Me di cuenta de esos dos mundos que conviven a escasos metros, la diferencia entre el exterior y el interior. Fuera, el relajo, la despreocupación, el turismo, las conversaciones de amigos; dentro los hombres curtidos que seguro son fijos en esa barra, jugadores de máquinas tragaperras y puros pegados a los labios, hombres solos con copas de licor… vamos, lo que es en si un bar de toa la vida. Salí pensando en ello, en lo que cambia una sensación solo con cruzar un umbral.

La razón de los devaneos que escribo es por una manía que tengo de analizar esas situaciones que, de puro normales, nos pasan desapercibidas. Reconozco también que me gusta encontrarme con esas cosas que evitan las rutinas y voy con los ojos bien abiertos para encontrar, en la calle de siempre, a la misma hora de siempre, aquello en lo que nunca me había fijado.

Y a veces surge la sorpresa.

Para ir a mi trabajo suelo pasar por la misma calle todos los días, veo edificios muy antiguos protegidos por mallas de seguridad, ese piso que están rehabilitando porque hace unos meses se quemó entero, una guitarrería, la frutería de los hindús, la tienda de disfraces, la del comercio justo, a veces unas botas, o unas zapatillas colgadas en un cable de luz, un contenedor de obras lleno de libros… lo que se llamaría flora urbana propia de una ciudad como el Madrid del que estoy enamorada.

Desde hace unas semanas hay un balcón que se lleva siempre todas miradas, no por que esté lleno de flores o plantas, no. De pronto un día, el balcón tenía atado un folio en el que se podía leer claramente un escueto ¡Hola! y una cara sonriente. Imagino que la gente que pase por allí, hará como que no lo ve, o lo ignorará o lo que es más triste, ni se percatarán de su existencia. Por mi naturaleza curiosa me paré unos segundos para verlo y sorprenderme una vez más de la espontaneidad de la gente.

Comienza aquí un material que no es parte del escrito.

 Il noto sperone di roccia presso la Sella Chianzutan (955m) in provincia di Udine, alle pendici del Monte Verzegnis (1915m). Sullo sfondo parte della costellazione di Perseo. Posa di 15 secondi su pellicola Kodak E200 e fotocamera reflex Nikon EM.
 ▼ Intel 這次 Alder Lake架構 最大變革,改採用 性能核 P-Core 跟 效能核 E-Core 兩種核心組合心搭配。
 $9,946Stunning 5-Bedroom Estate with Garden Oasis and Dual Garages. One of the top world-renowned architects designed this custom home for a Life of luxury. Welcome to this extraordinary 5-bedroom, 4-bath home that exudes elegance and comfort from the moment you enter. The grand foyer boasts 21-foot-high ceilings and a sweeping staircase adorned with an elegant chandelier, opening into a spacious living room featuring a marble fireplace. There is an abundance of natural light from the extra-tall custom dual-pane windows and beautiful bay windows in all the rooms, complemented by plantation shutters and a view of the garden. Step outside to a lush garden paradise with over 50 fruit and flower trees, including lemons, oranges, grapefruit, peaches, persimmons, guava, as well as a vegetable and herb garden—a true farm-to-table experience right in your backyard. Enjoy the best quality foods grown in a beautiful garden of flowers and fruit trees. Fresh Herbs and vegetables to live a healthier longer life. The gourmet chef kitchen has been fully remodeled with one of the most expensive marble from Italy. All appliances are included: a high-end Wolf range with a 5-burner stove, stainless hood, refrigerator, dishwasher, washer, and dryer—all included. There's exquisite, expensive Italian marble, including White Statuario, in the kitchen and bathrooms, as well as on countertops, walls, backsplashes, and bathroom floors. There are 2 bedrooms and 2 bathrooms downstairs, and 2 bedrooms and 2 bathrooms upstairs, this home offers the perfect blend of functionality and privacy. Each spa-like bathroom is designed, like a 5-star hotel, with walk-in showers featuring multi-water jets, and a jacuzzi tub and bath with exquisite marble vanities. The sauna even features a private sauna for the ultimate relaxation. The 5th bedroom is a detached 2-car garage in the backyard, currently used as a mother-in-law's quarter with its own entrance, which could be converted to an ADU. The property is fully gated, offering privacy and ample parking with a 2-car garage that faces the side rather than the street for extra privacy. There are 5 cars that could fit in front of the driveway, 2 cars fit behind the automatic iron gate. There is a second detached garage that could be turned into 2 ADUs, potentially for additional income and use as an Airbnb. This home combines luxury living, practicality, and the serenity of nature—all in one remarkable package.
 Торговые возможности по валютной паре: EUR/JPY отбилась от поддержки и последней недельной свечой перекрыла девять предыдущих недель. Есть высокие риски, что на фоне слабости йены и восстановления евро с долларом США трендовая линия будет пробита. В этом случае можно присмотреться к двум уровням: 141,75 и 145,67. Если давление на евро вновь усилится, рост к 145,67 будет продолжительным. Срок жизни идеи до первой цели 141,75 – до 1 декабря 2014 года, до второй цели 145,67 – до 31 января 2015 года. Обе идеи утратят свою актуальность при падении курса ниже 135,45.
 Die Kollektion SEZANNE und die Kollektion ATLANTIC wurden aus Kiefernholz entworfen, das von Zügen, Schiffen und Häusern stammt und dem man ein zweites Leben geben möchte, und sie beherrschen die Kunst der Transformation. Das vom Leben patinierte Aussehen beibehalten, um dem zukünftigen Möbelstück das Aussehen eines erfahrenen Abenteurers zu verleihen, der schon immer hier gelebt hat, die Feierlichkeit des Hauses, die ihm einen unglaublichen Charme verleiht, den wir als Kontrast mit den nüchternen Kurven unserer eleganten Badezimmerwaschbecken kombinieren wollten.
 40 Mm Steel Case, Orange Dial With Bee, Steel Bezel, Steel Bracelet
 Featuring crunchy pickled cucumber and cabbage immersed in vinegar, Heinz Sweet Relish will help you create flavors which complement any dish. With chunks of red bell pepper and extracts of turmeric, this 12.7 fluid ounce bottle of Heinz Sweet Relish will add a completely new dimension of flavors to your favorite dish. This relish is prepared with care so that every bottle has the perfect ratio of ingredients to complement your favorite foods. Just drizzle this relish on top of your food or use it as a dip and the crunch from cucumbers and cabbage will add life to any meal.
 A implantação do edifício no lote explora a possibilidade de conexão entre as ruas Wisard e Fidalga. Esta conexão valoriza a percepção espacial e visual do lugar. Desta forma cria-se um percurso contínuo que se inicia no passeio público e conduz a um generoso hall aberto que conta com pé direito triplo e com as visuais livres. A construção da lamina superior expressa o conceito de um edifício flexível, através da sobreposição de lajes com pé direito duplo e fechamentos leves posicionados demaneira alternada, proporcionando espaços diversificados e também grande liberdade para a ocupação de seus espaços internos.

Pensé que era una anécdota más, como si fuera una apuesta de alguien o un simple despiste. Pero esta semana ha cambiado el cartel, ahora hay dos folios pintados a mano y en el que se lee un Sonríe y en el otro dice Tenemos dos orejas y una sola boca para escuchar el doble y hablar la mitad. Si os parece increíble ahí va la foto de prueba.

Y me pregunto ¿quién necesitará colgar tan especiales carteles publicitarios? ¿Qué querrá conseguir con eso? ¿Será algún tipo de cadena de favores? Hasta ahora he visto pancartas en balcones quejándose por alguna cosa (ruido en los bares, por la construcción de una carretera…) o bien diciéndonos Otro mundo es posible, Nunca mais, No a la guerra,… pero esto es diferente, como más personal y directo.

¿Y si nos diera a todos por colgar ese tipo de frases en las ventanas? ¿Puede que sea influencia del mundo bloguero? Si, hombre, esta persona no tiene internet pero quiere hacer llegar al mundo su mensaje y no se le ha ocurrido mejor cosa que colgar sus pensamientos e impulsos en el balcón.

Qué de locos deliciosos hay por el mundo. Gente que es capaz de romper la norma no escrita de no salirse del umbral establecido y lo hace de esa manera tan sencilla y con una inocencia increíble.

No tengo idea de las pretensiones de esta persona, lo que sé es que si toda la gente que pasa por ahí, al ver el cartel, sonríe, habrá merecido la pena. Conmigo ya lo ha conseguido.